*** Opening of LISTED ENTRIES ***

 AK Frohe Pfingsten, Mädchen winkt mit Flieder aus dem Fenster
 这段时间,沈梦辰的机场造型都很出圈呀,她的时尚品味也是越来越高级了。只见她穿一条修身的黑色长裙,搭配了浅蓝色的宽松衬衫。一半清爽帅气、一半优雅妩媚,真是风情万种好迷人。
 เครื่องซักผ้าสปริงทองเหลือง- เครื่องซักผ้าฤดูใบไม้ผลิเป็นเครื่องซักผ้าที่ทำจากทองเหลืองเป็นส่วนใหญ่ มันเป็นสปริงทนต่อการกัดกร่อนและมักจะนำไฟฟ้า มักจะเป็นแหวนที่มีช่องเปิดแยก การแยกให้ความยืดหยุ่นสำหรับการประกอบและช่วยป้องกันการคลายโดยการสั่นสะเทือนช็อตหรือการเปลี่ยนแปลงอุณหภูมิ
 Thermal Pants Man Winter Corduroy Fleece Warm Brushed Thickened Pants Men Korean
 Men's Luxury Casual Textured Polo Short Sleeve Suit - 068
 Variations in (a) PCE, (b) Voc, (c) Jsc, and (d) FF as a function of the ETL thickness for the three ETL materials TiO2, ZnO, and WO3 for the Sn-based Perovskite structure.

*** Close of LISTED ENTRIES ***
*** Opening of LISTED ENTRIES ***

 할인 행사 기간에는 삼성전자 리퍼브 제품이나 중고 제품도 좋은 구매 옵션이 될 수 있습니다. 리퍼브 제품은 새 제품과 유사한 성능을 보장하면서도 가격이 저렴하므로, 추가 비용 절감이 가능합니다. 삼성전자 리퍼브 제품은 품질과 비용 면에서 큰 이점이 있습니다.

*** Close of LISTED ENTRIES ***

> [TASK REQUIREMENTS] Output exactly the lines of the material above from the one containing "这段时间,沈梦辰的机场造型都" up to and including the one containing "Men's Luxury Casual".

> [ANSWER AREA]
 这段时间,沈梦辰的机场造型都很出圈呀,她的时尚品味也是越来越高级了。只见她穿一条修身的黑色长裙,搭配了浅蓝色的宽松衬衫。一半清爽帅气、一半优雅妩媚,真是风情万种好迷人。
 เครื่องซักผ้าสปริงทองเหลือง- เครื่องซักผ้าฤดูใบไม้ผลิเป็นเครื่องซักผ้าที่ทำจากทองเหลืองเป็นส่วนใหญ่ มันเป็นสปริงทนต่อการกัดกร่อนและมักจะนำไฟฟ้า มักจะเป็นแหวนที่มีช่องเปิดแยก การแยกให้ความยืดหยุ่นสำหรับการประกอบและช่วยป้องกันการคลายโดยการสั่นสะเทือนช็อตหรือการเปลี่ยนแปลงอุณหภูมิ
 Thermal Pants Man Winter Corduroy Fleece Warm Brushed Thickened Pants Men Korean
 Men's Luxury Casual Textured Polo Short Sleeve Suit - 068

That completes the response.